But the output vector consists of Nan values ; where as its returining numerical values on using the command window.

function file:

function fn = plume5(t,Y)

global rho cp

fn(1) = 1/(rho(1)*cp)*(760.91-1608.08*Y(1)+2449.22*Y(1)^2-2001.61*Y(1)^3+904.51*Y(1)^4-212.087*Y(1)^5+20.095*Y(1)^6);

fn(2) = 1/(rho(2)*cp)*(760.91-1608.08*Y(2)+2449.22*Y(2)^2-2001.61*Y(2)^3+904.51*Y(2)^4-212.087*Y(2)^5+20.095*Y(2)^6);

fn(3) = 1/(rho(3)*cp)*(760.91-1608.08*Y(3)+2449.22*Y(3)^2-2001.61*Y(3)^3+904.51*Y(3)^4-212.087*Y(3)^5+20.095*Y(3)^6);

fn(4) = 1/(rho(4)*cp)*(760.91-1608.08*Y(4)+2449.22*Y(4)^2-2001.61*Y(4)^3+904.51*Y(4)^4-212.087*Y(4)^5+20.095*Y(4)^6);

fn(5) = 1/(rho(5)*Y(5))*(1.113-2.14*Y(5)+2.81*Y(5)^2-1.76*Y(5)^3+0.396*Y(5)^4+0.08694*Y(5)^5-0.0579*Y(5)^6 +0.0077*Y(5)^7);

fn(6) = 1/(rho(6)*Y(6))*(1.113-2.14*Y(6)+2.81*Y(6)^2-1.76*Y(6)^3+0.396*Y(6)^4+0.08694*Y(6)^5-0.0579*Y(6)^6 +0.0077*Y(6)^7);

fn(7) = 1/(rho(7)*Y(7))*(1.113-2.14*Y(7)+2.81*Y(7)^2-1.76*Y(7)^3+0.396*Y(7)^4+0.08694*Y(7)^5-0.0579*Y(7)^6 +0.0077*Y(7)^7);

fn(8) = 1/(rho(8)*Y(8))*(1.113-2.14*Y(8)+2.81*Y(8)^2-1.76*Y(8)^3+0.396*Y(8)^4+0.08694*Y(8)^5-0.0579*Y(8)^6 +0.0077*Y(8)^7);

fn = fn';

main file

clear all

close all

global rho cp

rho = [0.4878;0.7862;1.1449;1.1611;0.4878;0.7862;1.1449;1.1611]

cp = 1.4857

t_span= 0:10

y = [0.0182;0.3105;1.2882;2.7341;0.0182;0.3105;1.2882;2.7341]

[A,P]= ode45('plume5',t_span,y);

Jan
on 4 Sep 2019

Edited: Jan
on 4 Sep 2019

Use te debugger to determine the first occurrence of a NaN. Type this in the command window:

dbstop if naninf

Then run the code again.
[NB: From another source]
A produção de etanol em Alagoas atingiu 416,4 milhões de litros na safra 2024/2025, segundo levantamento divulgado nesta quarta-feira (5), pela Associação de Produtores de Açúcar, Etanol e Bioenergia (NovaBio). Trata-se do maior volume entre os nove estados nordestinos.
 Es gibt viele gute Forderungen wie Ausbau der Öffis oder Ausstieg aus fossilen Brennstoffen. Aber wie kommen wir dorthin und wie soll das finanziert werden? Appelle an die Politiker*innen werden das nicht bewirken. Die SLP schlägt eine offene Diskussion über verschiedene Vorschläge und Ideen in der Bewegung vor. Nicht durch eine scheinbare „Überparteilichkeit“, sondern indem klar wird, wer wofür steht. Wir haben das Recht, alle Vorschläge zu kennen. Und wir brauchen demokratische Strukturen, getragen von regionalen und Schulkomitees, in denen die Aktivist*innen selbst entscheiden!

When Matlab stops, check the value of the trajectory. Most likely there is a pole and NaN or Inf is the correct numerical value. You can check this by:

plot(t, Y)

By the way, vectorization can simplify the code:

function fn = plume5(t,Y, rho, cp)

fn = zeros(8, 1);

fn(1:4) = 1 ./ (rho(1:4)*cp) .* (760.91 - 1608.08 * Y(1:4) + ...
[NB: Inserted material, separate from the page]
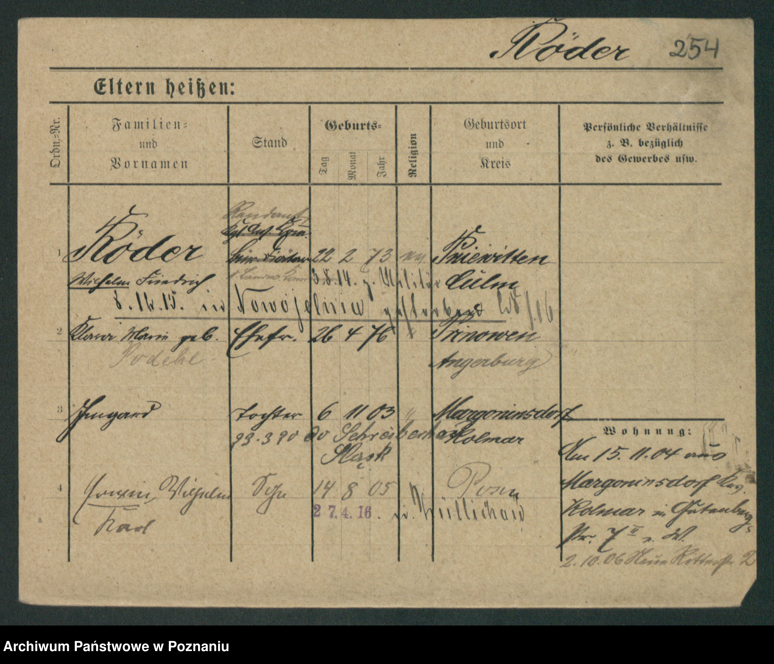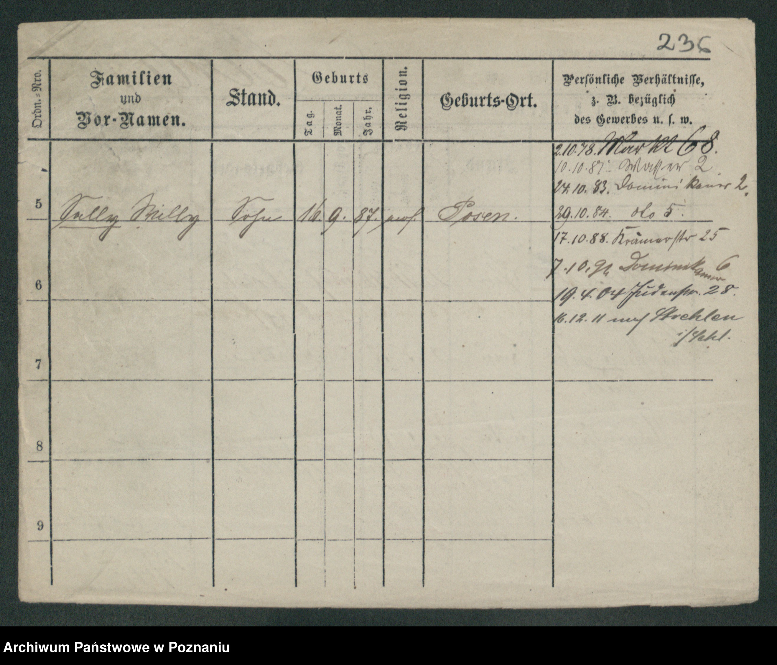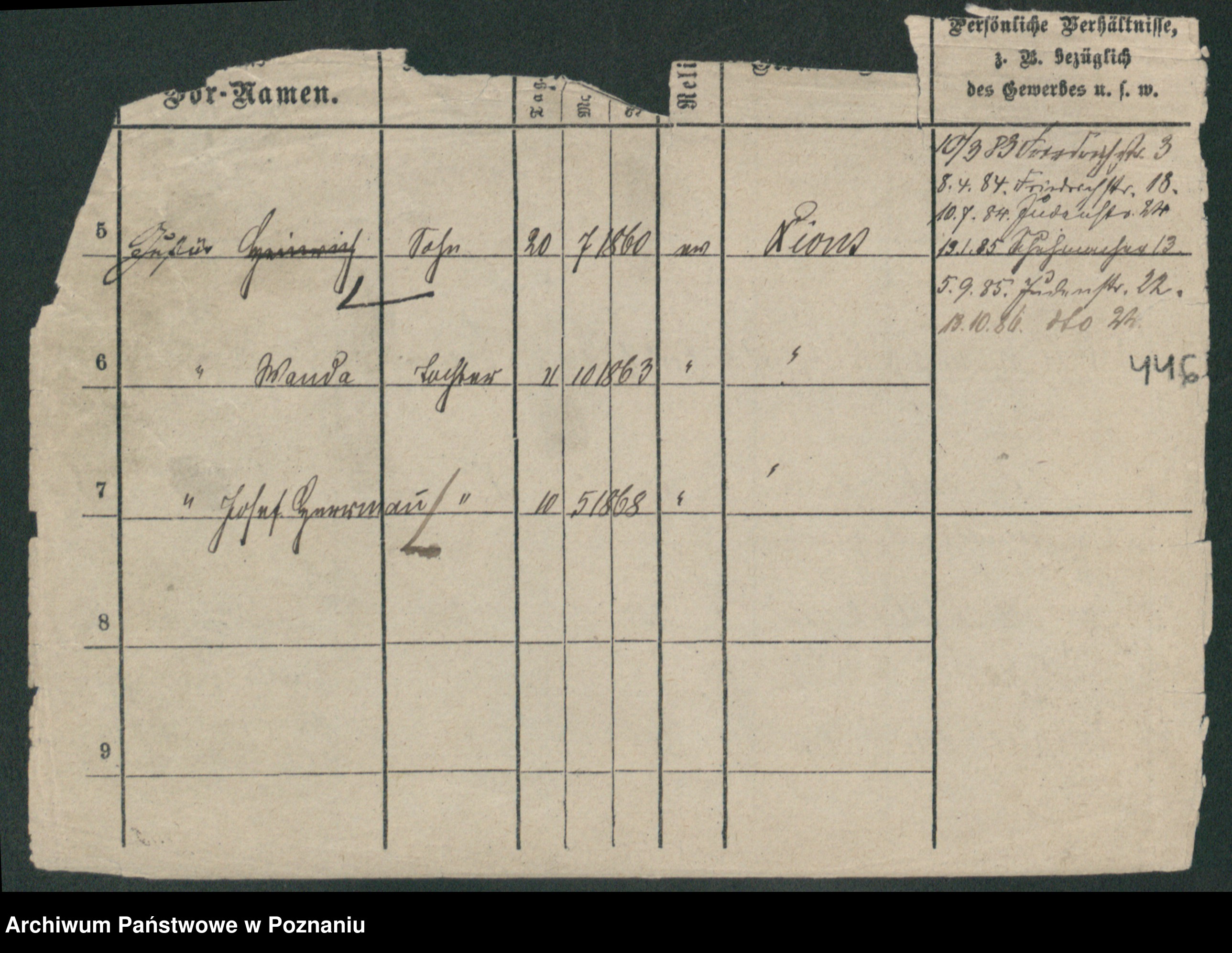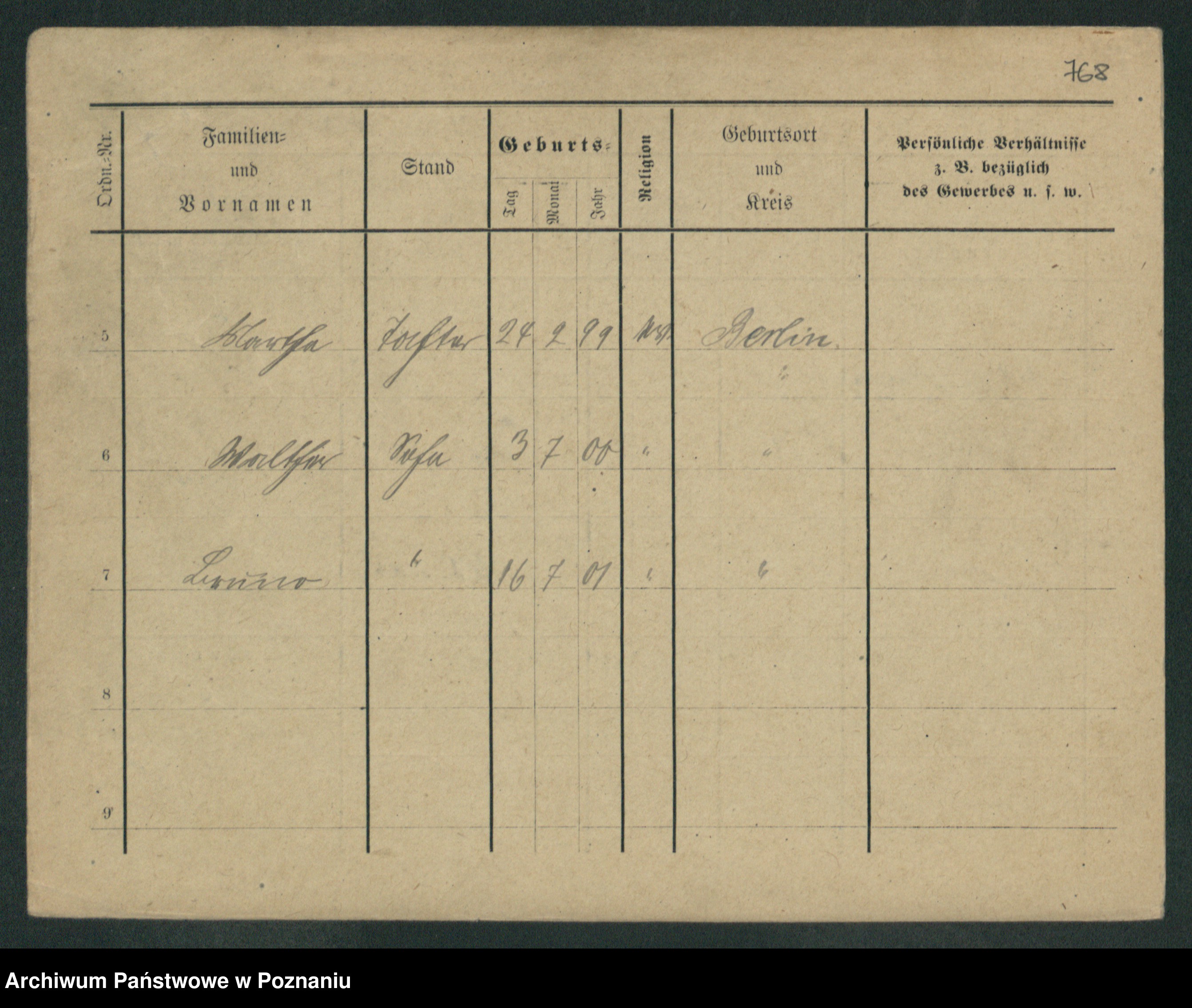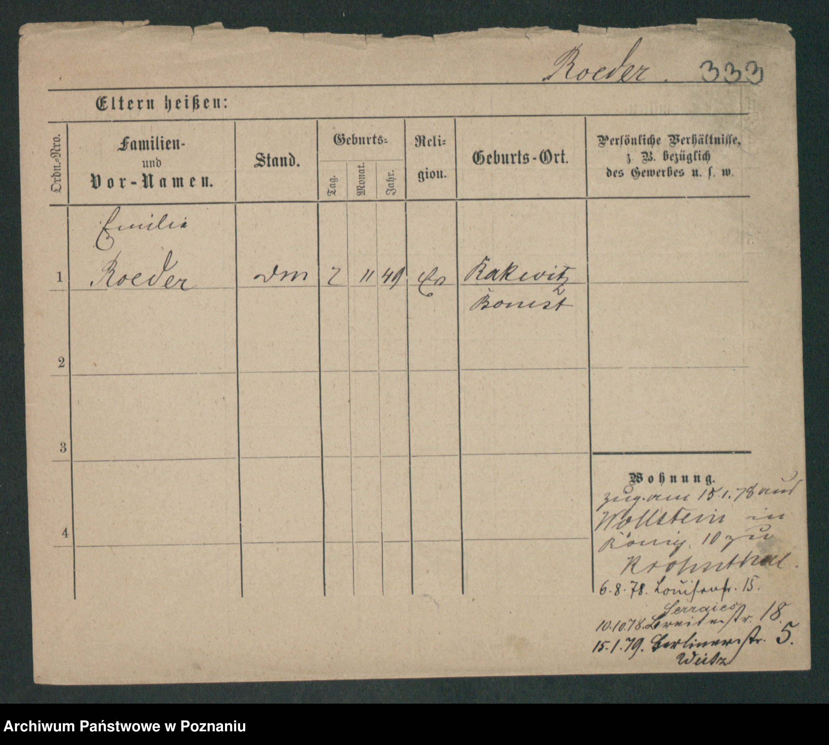Podgląd karty osobowej dostępny jest po kliknięciu na nazwisko lub ikonkę karty. Można dokonywać powiększenia (ikony na górze) lub przechodzić między kolejnymi skanami (strzałki po bokach).

2449.22 * Y(1:4) .^ 2 - 2001.61 * Y(1:4) .^ 3 + ...

904.51 * Y(1:4) .^ 4 - 212.087 * Y(1:4) .^ 5 + 20.095 * Y(1:4) .^6 );

fn(5:6) = 1 ./ (rho(5:8) .* Y(5:8)) * (1.113 - 2.14 * Y(5:8) + ...
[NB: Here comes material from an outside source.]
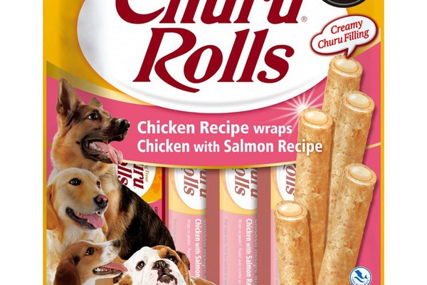 INABA Churu Rolls, XS-XL, Pui și Somon, punguță recompense fără cereale câini, semimoist, 92g
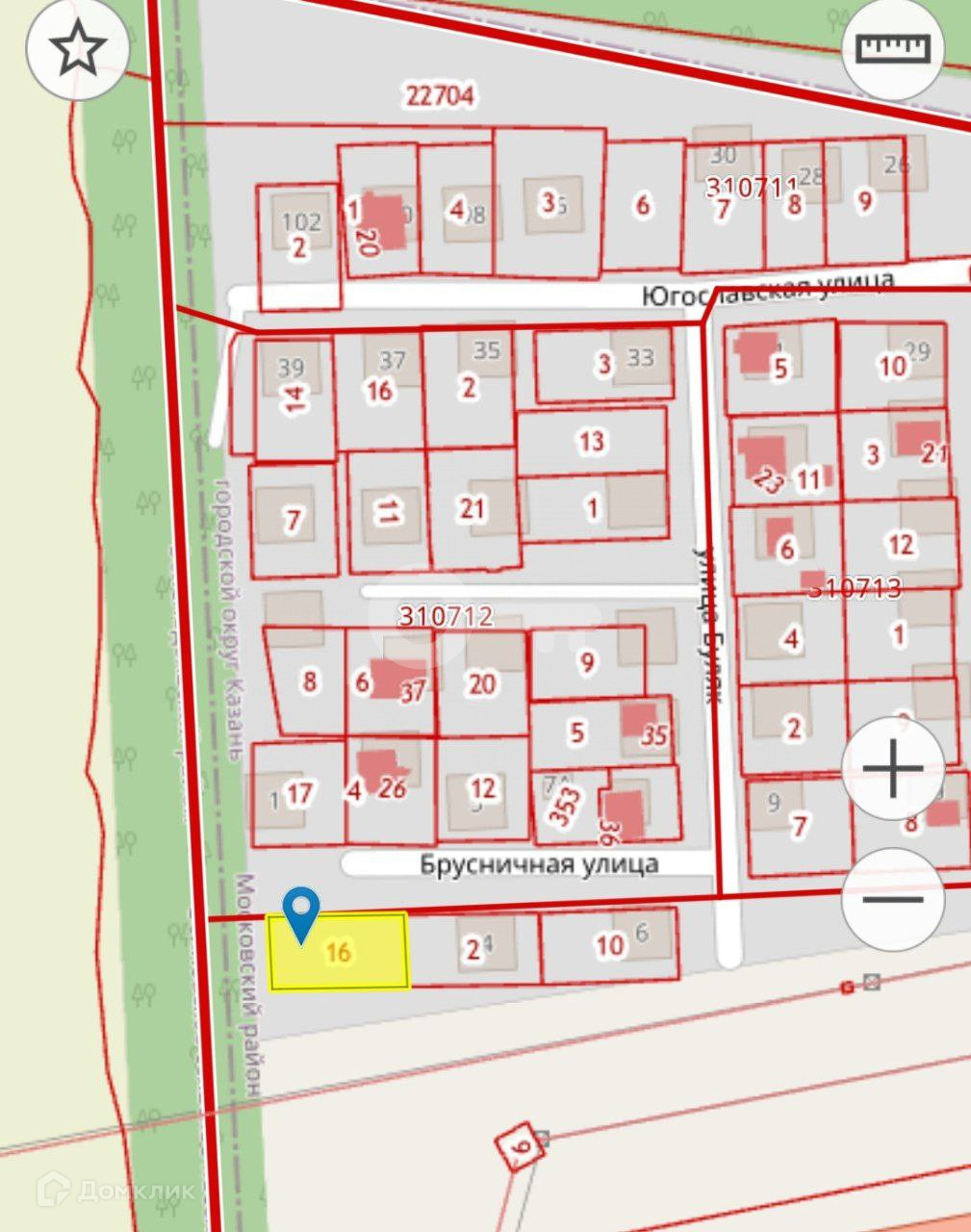 Участок расположен по адресу: Московский район, жилой массив Краснооктябрьский, Брусничная ул., 4 (черта города!).

2.81 * Y(5:8) .^ 2 - 1.76 * Y(5:8) .^ 3 + 0.396 * Y(5:8) .^ 4 + ...

0.08694 * Y(5:8) .^ 5 - 0.0579 * Y(5:8) .^ 6 + 0.0077 * Y(5:8) .^ 7);

Moumita Ghosh
on 11 Sep 2019

Jan
on 11 Sep 2019

@Sunetra CV: I'm not sure what "scaling down" means here.

@Moumita Ghosh: I cannot follow you. Your comment does not concern the question of this thread, does it? Then please open a new thread and post the details there.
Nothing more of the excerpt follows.